The Required Amount at the Prescribed Rate (Handcrafted From the Finest Corinthian Leather)
8/5/2009 Live from Sea Isle City
Some things you don't see every day: 1) two dudes running at a decent clip down the beach, each dude juggling three balls as he runs-- and occasionally, every three steps or so, one dude flips a ball to the other and the other dude does the same, so there is a mid-air juggling exchange, and this occurs without any break in their collective strides, which is quite impressive . . . but I'm not sure if this was flamboyantly gay behavior (not that there's anything wrong with that) or just a couple of circus clowns trying to keep fit 2) a sweaty mesomorphic and hirsute Italian man (yours truly) decides that he wants to swim after his run on the beach, to get near some dolphins, and he decides the beach is deserted enough that he can strip off his shorts and swim in his spandex . . . this was definitely flamboyant behavior 3) the same sweaty hairy man (but with his shorts back on, thank God, but shirtless) walks into the wrong condo unit because he's tired and thought he climbed three flights of stairs when it was only two, sees someone much younger than his wife on the couch, says "Sorry" and quickly retreats.

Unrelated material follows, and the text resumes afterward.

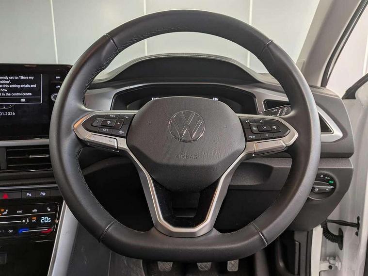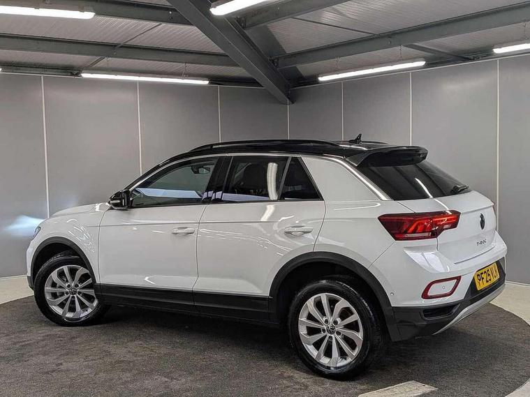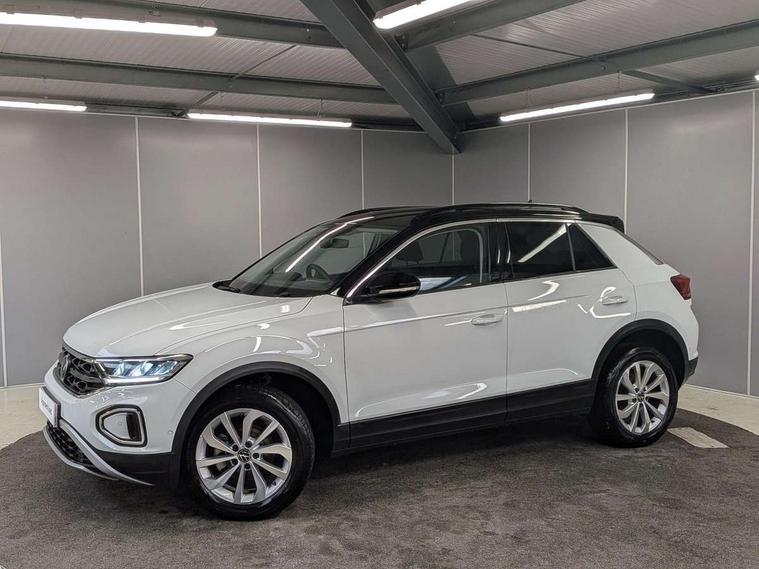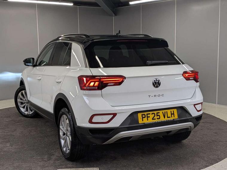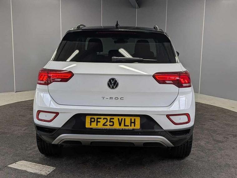 Advanced driver attention and drowsiness monitor, Dynamic road sign display, Emergency call service, Lane keeping system Lane Assist, Mobile phone interface, Modified key software - reduce switch off time for key status change to Long no motion, Online services, Park assist including front and rear parking sensors, Power assisted speed sensitive steering, Rear view camera, Service interval indicator, Tailgate/trunk lid release from outside, Think blue trainer driver tips and journey analysis, Warning sound and light for front seatbelts unfastened, Wireless app connect, Battery regeneration during braking, Front shock absorption, Rear shock absorption chassis with increased ride height, Start/stop function with battery regeneration, DAB Digital radio, Diversity antenna for FM reception, Music playback - MP3, WMA and AAC files, SD card slot, Simultaneous pairing of 2 compatible mobile devices, Title and cover art display, We Connect and We Connect Plus functionality, Auto dimming interior rear view mirror, Automatic hazard lights activation under emergency braking, Automatic headlight control with LED separate daytime running lights with coming/leaving home function, Black roof rails, Body coloured bumpers and radiator grille with chrome trim and front fog lamps with chrome bezel, Body coloured exterior mirror housings and door handles, Electrically adjustable and heated door mirrors, Extended roof spoiler, Exterior mirrors aspherical on driver side, convex on front passenger side, External USB type C socket and charging sockets, Front windscreen wiper with intermittent wipe and 4 position delay, Heated rear window, LED 3rd brake light, LED rear combination lamps, LED rear number plate lights, Power windows with comfort operation and circuit breaker, Privacy glass for rear side windows and rear window, Rain sensor, Rear exhaust tailpipe, Rear fog light on one side and reversing lights on both sides, Rear side wing doors, Rear wash/wipe with intermittent wipe setting, Remote electrically foldable door mirrors, puddle lights and reverse activated passenger's door mirror, 12V power socket in centre console, 3 rear head restraints, 3 seat bench in 2nd row, 4 load lashing points in luggage compartment, Air care climatronic air conditoning system with active combination filter and 2-zone temperature control, Black stitching for floor mats, Ceramique roof liner, Cloth upholstery, Door and side trim panel in cloth, Drawer under drivers seat, Driver/front passenger seat height adjustment, Front centre armrest, Front comfort sports seats, Front cupholders x 2, Front reading light, Front seat back storage pockets, Glove compartment door with light, Instrument lighting, white adjustable panel illumination, Interior ambient lighting and surround lighting, Interior light delay, Isofix child seat preparation, Leather gearshift handle, Load-through provision with cup holder when folded down ('Unsplit rear seat bench, split folding backrest, with centre armrest), Luggage compartment lighting, Lumbar support for driver's and front passengers seat, Non-folding front passenger seat backrest, Single front passenger seat, Storage compartment in left and right luggage area, Storage compartment in rear doors, Storage compartments in driver and front passenger doors, Sunvisors with illuminated vanity mirrors, Variable boot floor, height adjustable and removable, Driver assistance pack without proactive passenger protection - T-Roc Life/Match, 3 point height adj front seatbelts + pretensioners, 3 point seatbelts in outer rear with ECE label, ABS, Child locks on rear doors, City emergency braking and pedestrian monitoring, Driver and front passenger airbag with front passenger airbag deactivation, Driver and front passenger safety-optimised head restraints, Drivers seatbelt reminder, Electronic parking brake, Electronic Stability Control (ESC) inc EDL (Electronic Differential Lock) and ASR (Traction Control), Front and rear passengers curtain airbag system including front side airbags, Front disc brakes, Hill start assist, Predictive pedestrian protection, Rear disc brakes, Two tone horn, Tyre pressure loss indicator, Volkswagen roadside assistance, Alarm with interior protection, Keyless locking and starting system keyless access with safelock, Pewter matt decorative inserts for intrument panel, centre console and door panels at the front, Trims for alloy wheels,

When I was ten or so, I did the same thing in Canada, but there was no one in the condo and I left all my fishing gear in the corner, and it was very surreal later when I couldn't find it until my mother, who knows me better than I do, figured out that I had done something stupid like going into the wrong condo.
ReplyDeletethat's awesome-- because you went in and then left and STILL didn't realize.